Friday, July 14, 2023
Machines are already building other machines, so it makes sense that artificial intelligence would help build the components necessary for them to exist, including processors and memory devices. But we’re a long way from AI replacing design engineers; the immediate benefits of machine learning (ML) and algorithms are the productivity gains that come with speeding up tedious, time-consuming tasks.
Recent research from Accenture’s annual Technology Vision report on generative AI found that 69% of global high-tech executives expect their organizations to benefit from accelerated innovation thanks to AI. Syed Alam, a high-tech industry lead at Accenture, told EE Times in an exclusive interview that manufacturing and supply chains are areas where generative AI is being explored to support the chipmaking process.

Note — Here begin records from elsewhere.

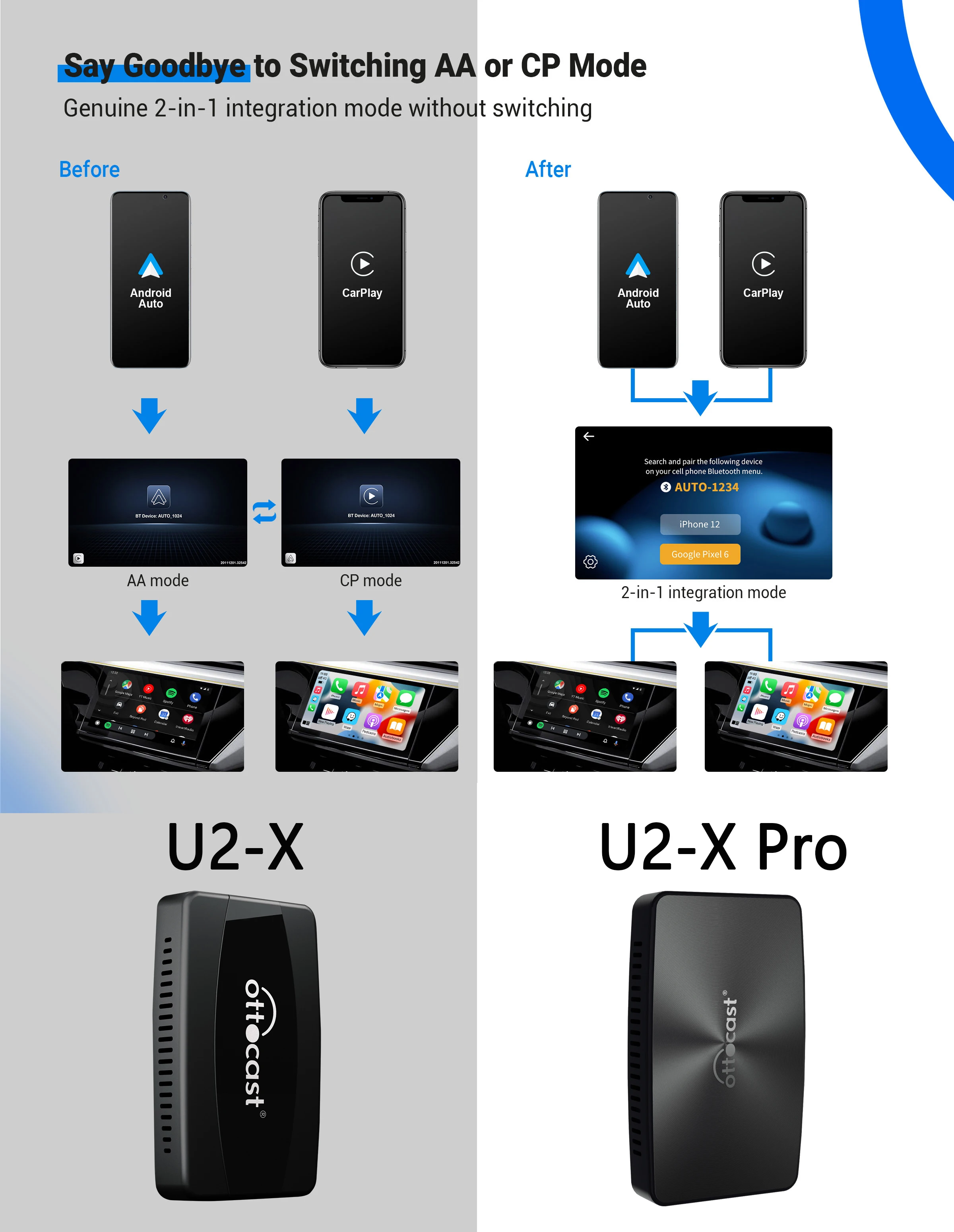 2.I’m still wondering, my car has built-in CarPlay, but no Android Auto, how does the U2-X Pro achieve wireless Android Auto?
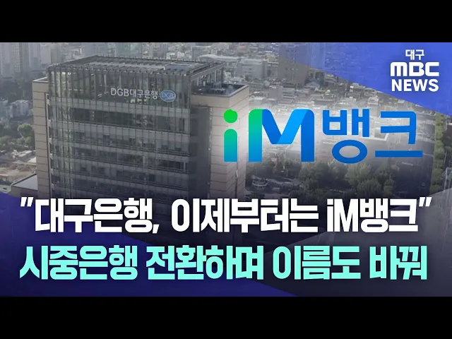 ◀앵커▶시중은행으로의 전환을 선언한 DGB대구은행이 오늘부터 새 이름인 'iM뱅크'로 이름을 바꿨습니다.지난 1967년 우리나라 최초의 지방은행으로 문을 연 지 57년 만에 대구은행이라는 이름이 사라졌습니다.김철우 기자입니다.◀기자▶DGB금융그룹이 ‘그룹 NEW CI 선포식과 시중은행 전환 선포식’을 열었습니다.6월 5일 오...
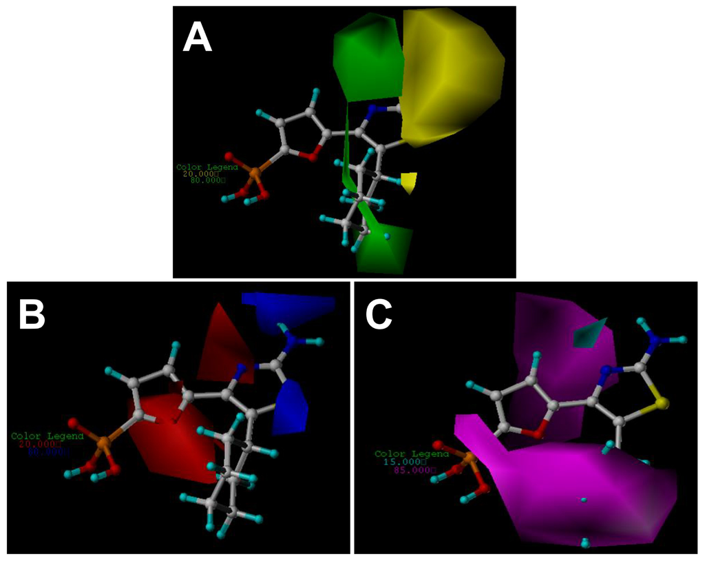 The CoMFA electrostatic contour map with the most potent compound 27 is shown in Figure 3B. Blue contour maps mean that positive-charged substituent groups are beneficial for the activity while red contours indicate that negative charges are conducive. As shown in Figure 3B, blue contour maps are observed surrounding the amino group at the C2 position of the thiazole core suggesting that a charge withdrawing group near these positions enhances the biological activity. The investigation is in agreement with previous docking results. As can be seen in Figure 1, the –NH2 group, as a hydrogen bond donor, can interaction with both Thr31 and Val17. In addition, one can also notice that substituent of the hydrogen atom with methyl group (compound 11) leads to a large loss of potency compared to compound 10 probably due to the lack of the hydrogen bond donor atom. In addition, a large red contour map exists around the phosphate group and embeds the cyclohexyl group illustrating that in these positions electro-rich groups are beneficial for increasing the activity. This may be a reason that all compounds of the dataset contain such electronegative groups (phosphate group).
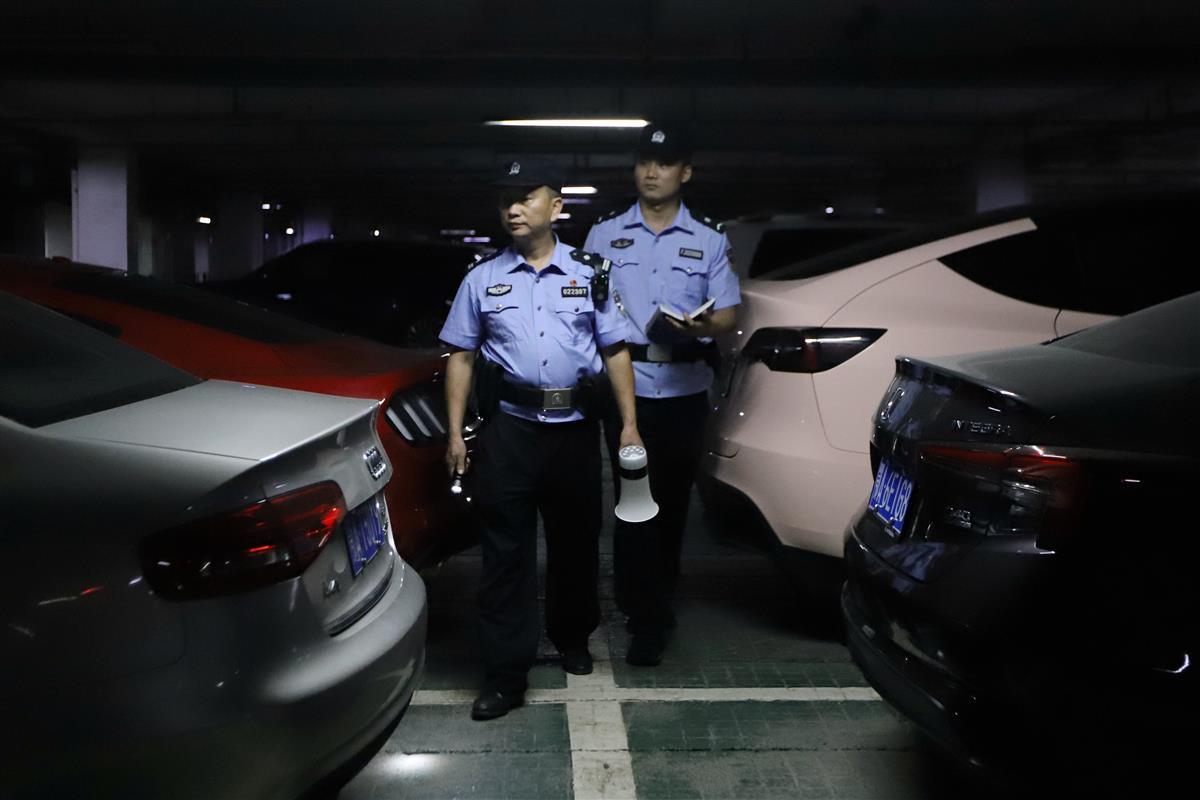 武汉民警张文昌(左一)带队夜巡,看小区车主是否关好车窗

“Generative AI can improve chip utilization and yield by assisting on quality inspection and production scheduling,” Alam said, while the supply chain can be improved by optimizing material availability by monitoring and identifying breaking points in product delivery.
Design is another area where AI will have an impact, he added, because it can increase speed to market by helping manage the complexities throughout a chip’s lifecycle, such as rapid prototyping and easy visibility into all the digital documentation for a product.
“What the onset of generative AI means for semiconductor companies is that they will need to radically rethink how work gets done,” he said. “The focus must be on evolving operations and training people as much as [it is] on the technology.”
AI excels at optimization
Tetsu Ho, mobile DRAM manager at Winbond Electronics Corp., told EE Times in an exclusive interview that he sees AI as having the potential to revolutionize the design and manufacturing of chips by improving performance, reducing defects and increasing efficiency. “We think AI can help design cycle time like circuit placement and efficiency simulation result.”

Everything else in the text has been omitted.